Joseph Duffy doesn’t do things the easy way.
The Irishman was making quite a name for himself on the boxing scene as a 7-0 prospect before the allure of MMA reeled him back in.
One of Europe’s top prospects before taking a step back from MMA in 2011, Duffy has no problem in admitting that his earlier career wins over Conor McGregor and Norman Parke went someway to bringing him back to the sport in 2014, as he saw the duo scale through the rankings of UFC.
He could’ve went about his return quietly, but instead Duffy came back in a main event slot in August of last year in Dublin at Cage Warriors 70. As many found out that night, although he is quite soft spoken and reserved outside of competition, the Donegal man is quite the opposite when he meets his opponents face to face.

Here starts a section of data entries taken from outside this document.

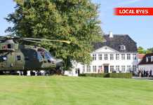 Kæmpe Merlin-helikopter på Marienborgs græsplæne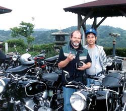 uns Motorrad fährt. Sanada Terufumi zeigt ein Bild von seinem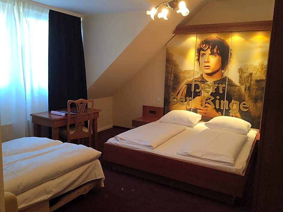 It's a small hotel. The location is perfect. At the town square, surrounded by restaurants, an ice cream cafe, the tourist information center, the local museum, a nice bakery. The movie theme is a bit tacky but certainly adds some fun to the place, particularly if you're travelling with children. Breakfast is simple but absolutely sufficient. The breakfast area is pretty kids-friendly.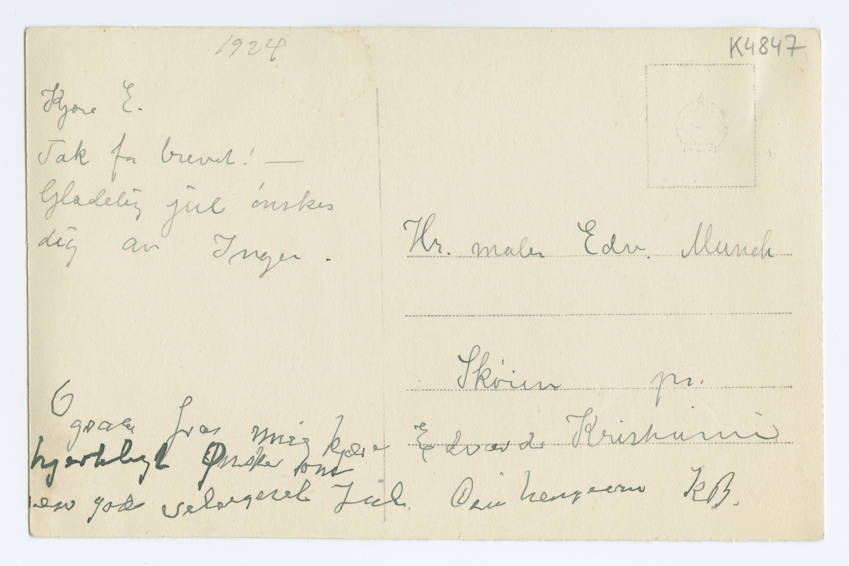 MM K 4847, Munchmuseet. Datert [??].12.1924. Brev fra Inger Munch, Karen Bjølstad.
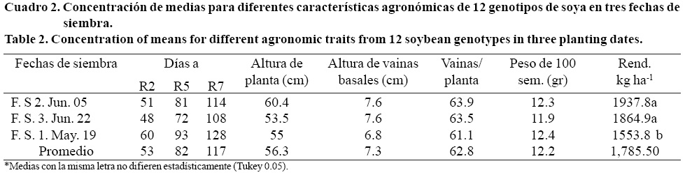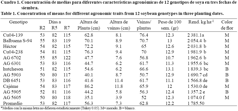 Se observó diferencia significativa (p< 0.001) para las variables días a floración (R2); días a formación de grano (R5); días a madurez fisiológica (R7); altura de planta; y rendimiento, en ambos factores estudiados, genotipos y fechas de siembra, y su interacción, así como en peso de 100 semillas en ambos factores y altura de vainas basales entre genotipos, mientras que para el número de vainas por planta, se observó diferencia estadística significativa (p< 0.005) en ambos factores y su interacción; para altura de vainas basales entre fechas de siembra y su interacción con genotipos no se observó diferencia significativa, lo mismo que para peso de 100 semillas entre fechas de siembra. Sin embargo, los datos se consideran estándar y aceptables para genotipos comerciales de soya para el norte de Sinaloa, con excepción de la altura de vaina en la que los genotipos AG 5905 y AG 5605 mostraron una altura reducida (Cuadro 1) que en el momento de la cosecha propicia la perdida de grano por no alcanzarse a trillar, además resultaron los de menor rendimiento, por debajo de 1.5 t ha-1.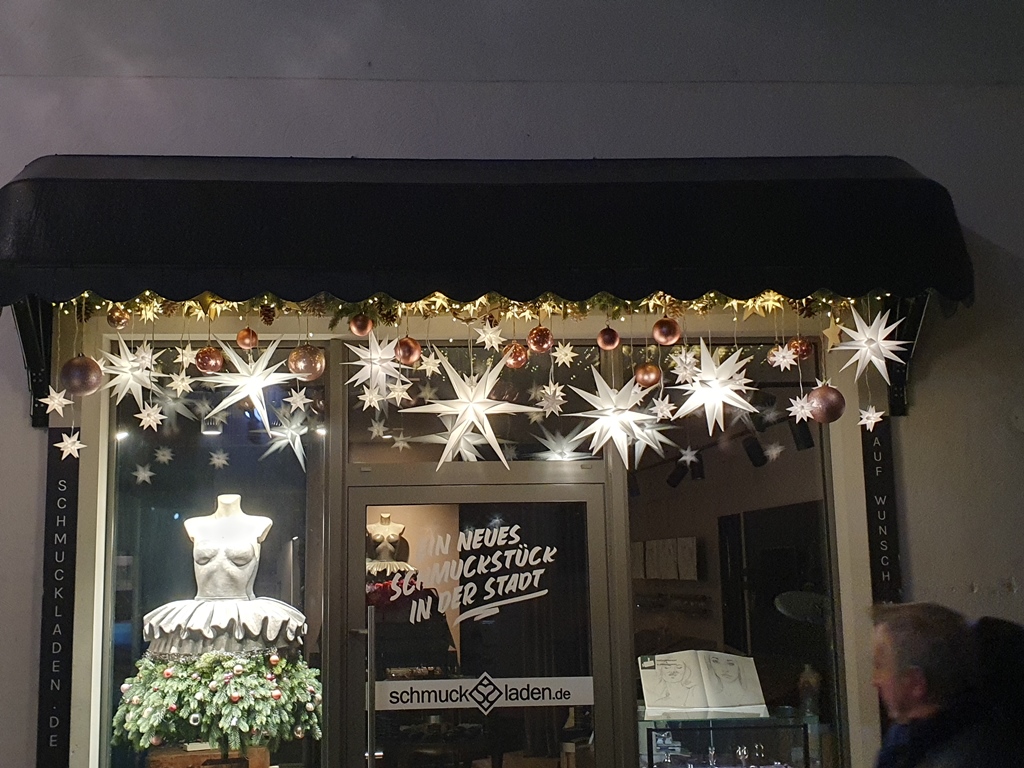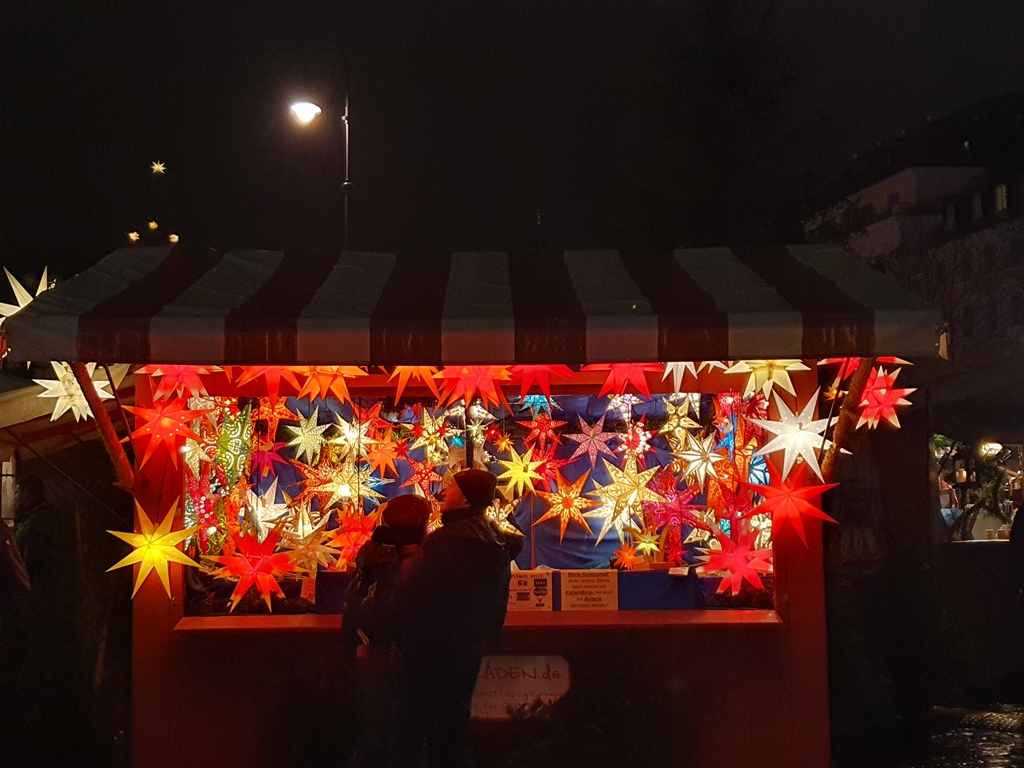 Natürlich darf auch die mit 14,62 Meter Höhe weltgrößte erzgebirgische Stufenpyramide nicht fehlen. Sie wurde 1999 sogar in das Guinness-Buch der Rekorde aufgenommen. Die Weihnachtsbäume sind alle mit den schönen Dresdner (Herrnhuter) Weihnachssternen geschmückt. Dieser zwölfzackige Stern aus Papier oder auch schon aus Kunststoff in verschiedenen Farben, der von innen elektrisch beleuchtet ist, wird schon seit mehr als 160 Jahren von der Herrnhuter Brüdergemeine hergestellt.

Under the watchful eye of the Irish MMA community, who considered themselves experts with Duffy’s notorious former opponent at MMA’s top table, ‘Irish Joe’ picked apart Damien Lapilus before showing his well roundedness with a rear naked choke finish.
The striking improvements that were apparent in the Lapilus bout turned to the spectacular when he Julien Boussuge three months later in London. As Boussuge ducked, Duffy fed him a sharp right knee that brought an end to the Frenchman’s night 30 seconds into the bout.
Duffy’s victory over Boussuge proved enough for the UFC to come knocking at his door, but once again, the quiet man of Irish MMA raised the stakes for himself.
After getting knocked out of the running for TUF: Team St Pierre vs Team Koscheck in the elimination stages in 2010, Duffy upped sticks and moved to The MMA Clinic in London.
Now, with the expectations of the Octagon looming, Duffy went to one of the best gyms in the world, Tristar. Honing his craft under the tutelage of the coaches that help Georges St Pierre and Rory MacDonald file down their edges, Duffy claims he has put himself out of his comfort zone ahead of his debut tomorrow night against Jake Lindsey at UFC 185.
“To tell you the truth, I think I’m getting quite used to this kind of thing,” said Duffy from Dallas. “When I moved to London I had to walk into a new a gym. While I was boxing I was in and out of new gyms for sparring different people all the time.
“When I made the move back to MMA I started training with Titan again, so it was kind of the same thing again. I think I’ve gotten used to putting myself out of my comfort zone because I’ve done it quite a bit at this stage. Tristar was no different, and I felt like things clicked into place after about a week to be honest.”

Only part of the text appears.